Making them even more useful, they have absolutely no affinity for the independent unions, for the right to strike or for increases in the standard of living. The Brotherhood fully embraces the austere economic policies of the past, so much so that Kamal Abu Eita, president of the Egyptian Federation of Independent Trade Unions (EFITU), noted in the October 15, 2012 Egyptian Independent that “Nowadays we have more unionists who have been sacked, subjected to trials and unemployment than under the Mubarak regime.”

While the mass movement of youth has been severely attacked and attempts to build independent labor organizations undermined in the last two years, the spirit of the January 25 Freedom and Justice movement has not been defeated, not by a long shot.

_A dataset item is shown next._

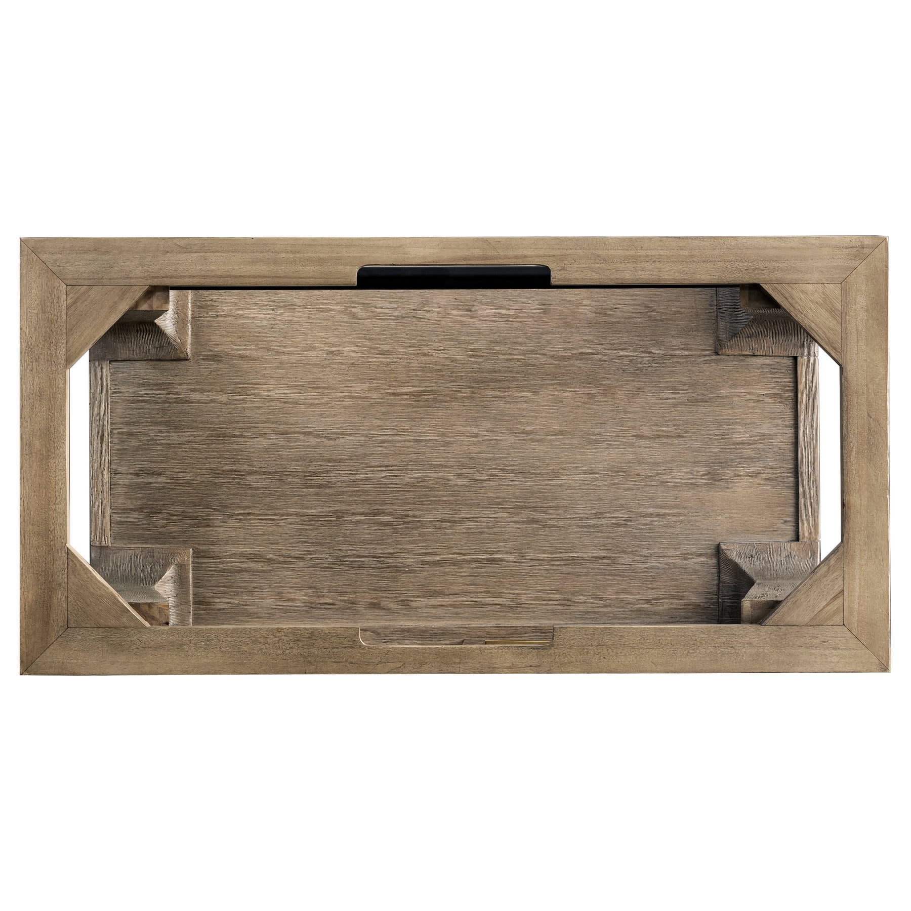 A blend of rustic and Scandinavian design, the 36" Auburn console vanity has a modern shape that features rugged yet elegant details. The wire-brushed finish showcases natural texture and wood grains with subtle distressing. The integrated Matte Black towel bar and shelf serve as functional and decorative storage for towels and bath accessories.

Is a Bitter Divorce in the Offing?

Thus, strikes and protests are sure to continue and at some point, the FJP government may become too unstable and too much of a liability for the property owners and generals. If this happens, numerous examples in modern world history record a likely nefarious outcome.

The FJP-government could be displaced by a military-backed civilian savior with far more entrenched and reliable bourgeois connections who will offer stability to millions exhausted by continuous struggle against a government that conceals its alliance with the rich and powerful and camouflages its wretched social and economic policies with discordant religious appeals.

In the meantime, most of the opposition fire is aimed at the Muslim Brotherhood and that suits the military and the monied rulers of Egypt just fine.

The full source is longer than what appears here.